─── GIVEN DATA
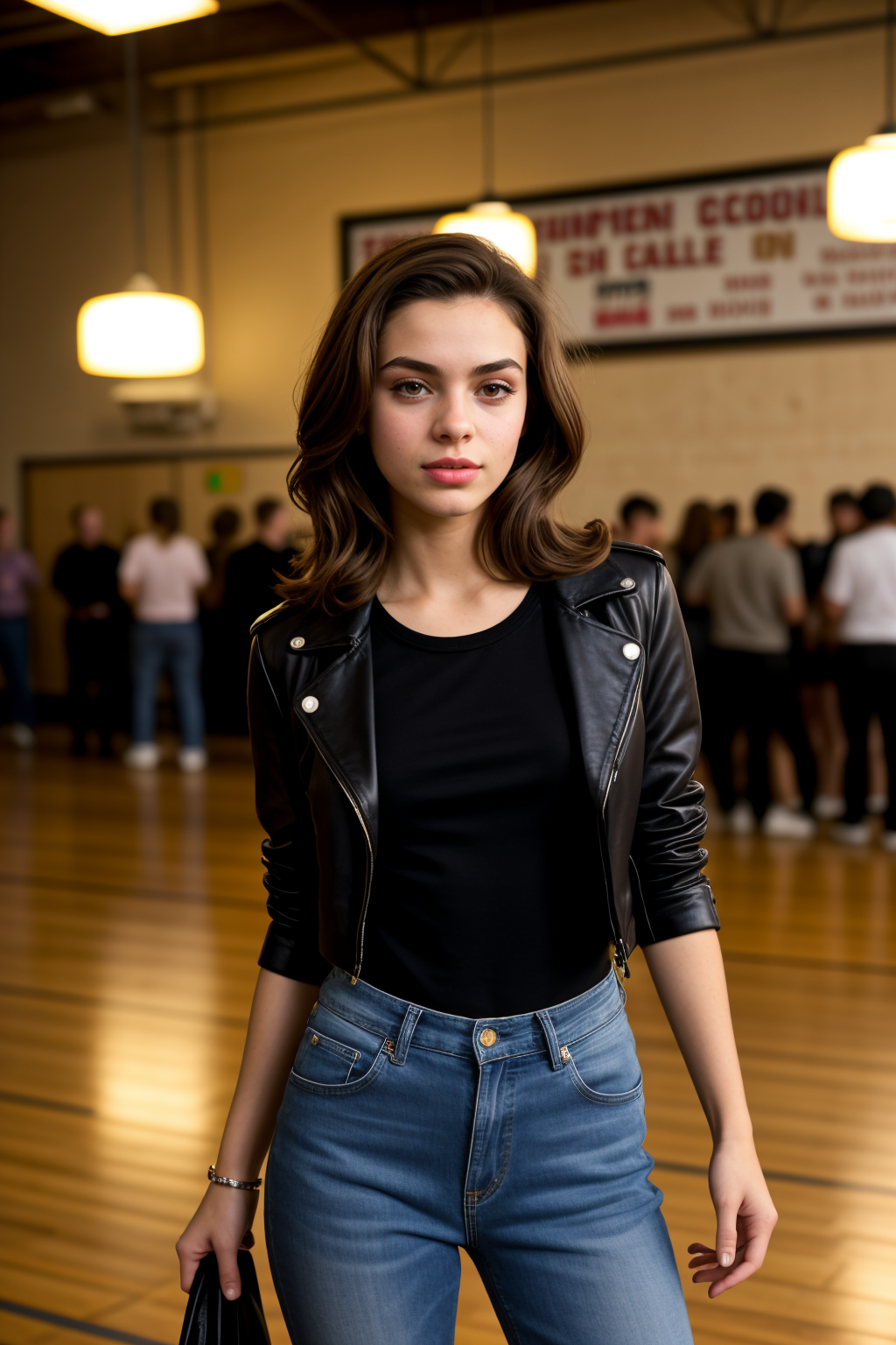 <lora:LCM_LoRA_Weights_SD15:1>,<lora:detail_slider_v4:1.1>,(confident greaser) young woman, Average build, extra long brown hair, african, dark skin, light brown eyes, pompadour, wearing a brown fitted black t-shirt, denim pants, converse sneakers, leather jacket, set in the 1950s, in a nostalgic school dance, with dim lighting, retro decorations, slow dancing, and a romantic atmosphere , at night,
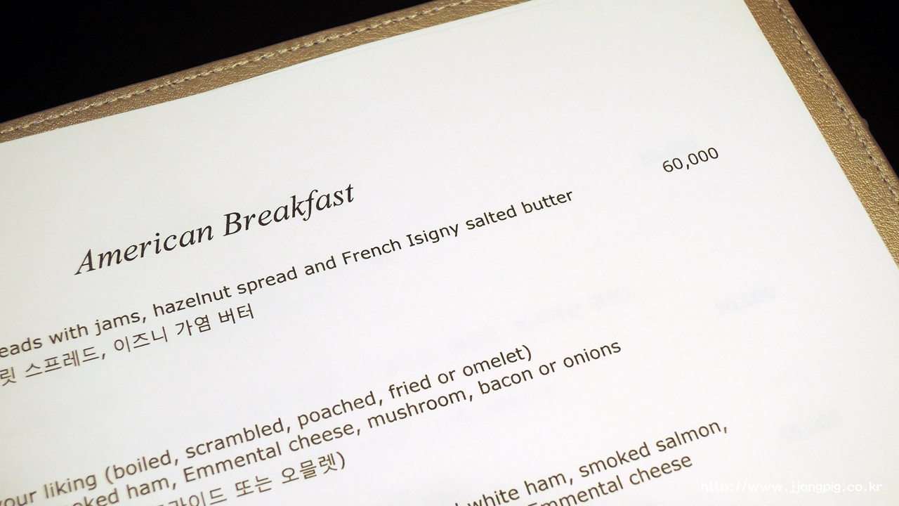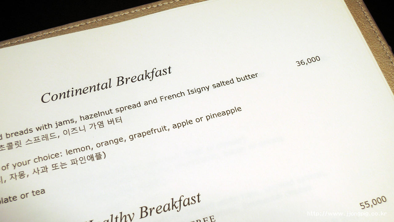 아침은 1인당 4~7만원 사이라고 보면 좋을 것 같다. 혹시나 조식 포함조건으로 객실 예약 후 아침을 룸서비스로 신청하면 컨티넨탈 조식으로만 변경 가능하기 때문에 미리 진지하게 생각해보자.
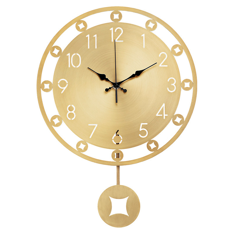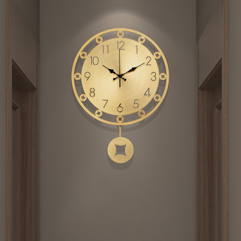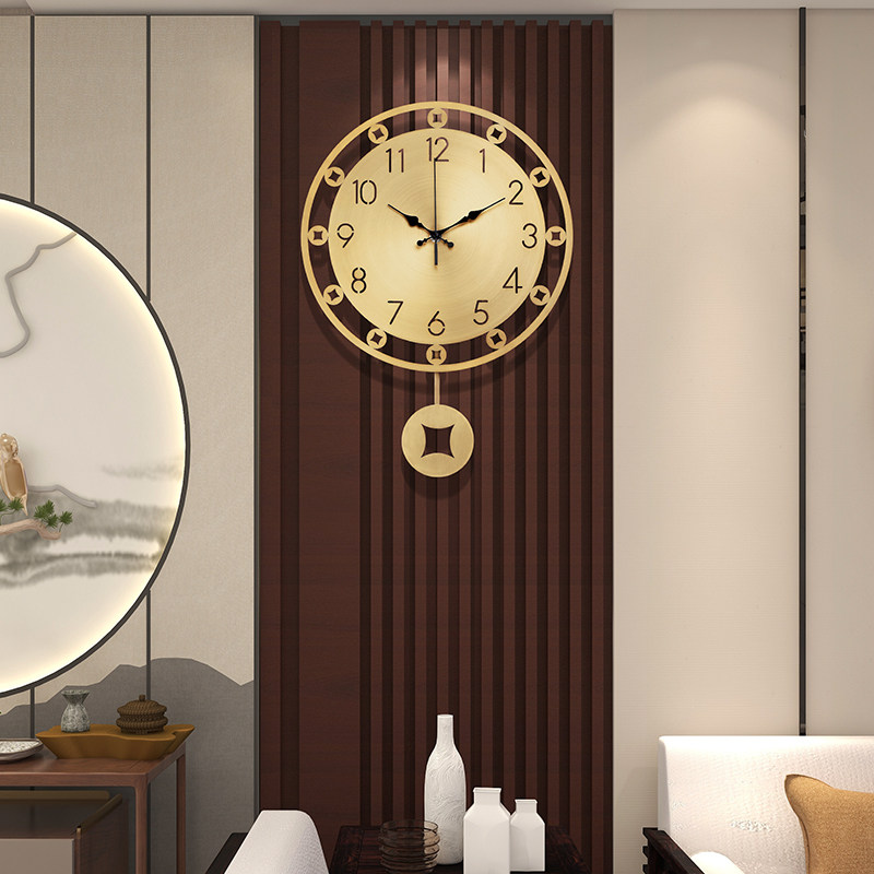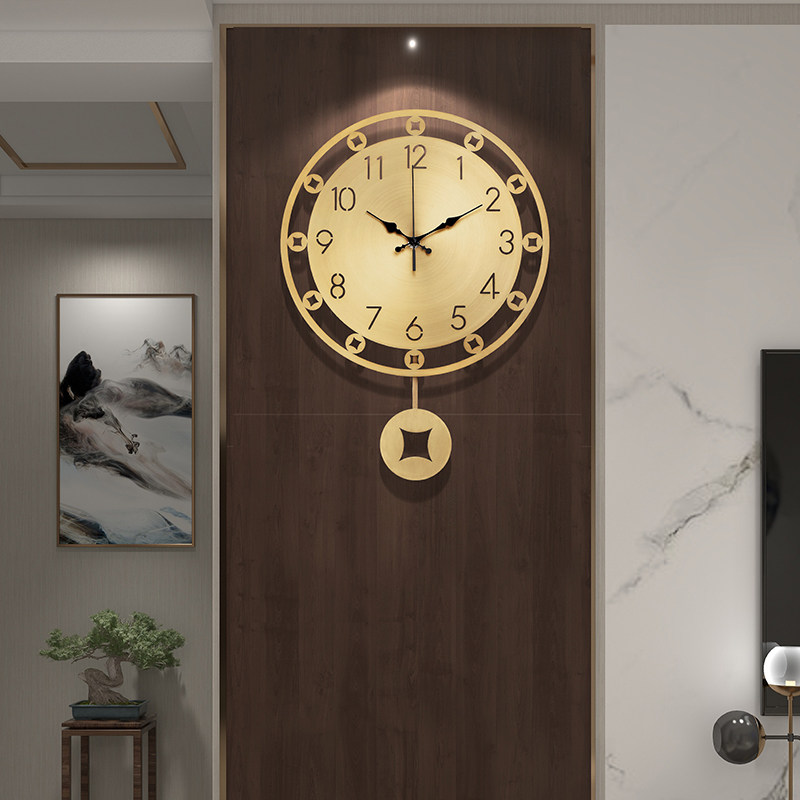 Chinese wall clock living room creative home clock 2022 new fashion wall watch pure copper modern high-end decorative clock
──────
§ TASK OBJECTIVE
Find the line containing "아침은 1인당 4~7만원" in the listing above. Restate it and every line after it, word for word, through the final line, leaving out the pictures.

§ SOLUTION
 아침은 1인당 4~7만원 사이라고 보면 좋을 것 같다. 혹시나 조식 포함조건으로 객실 예약 후 아침을 룸서비스로 신청하면 컨티넨탈 조식으로만 변경 가능하기 때문에 미리 진지하게 생각해보자.
 Chinese wall clock living room creative home clock 2022 new fashion wall watch pure copper modern high-end decorative clock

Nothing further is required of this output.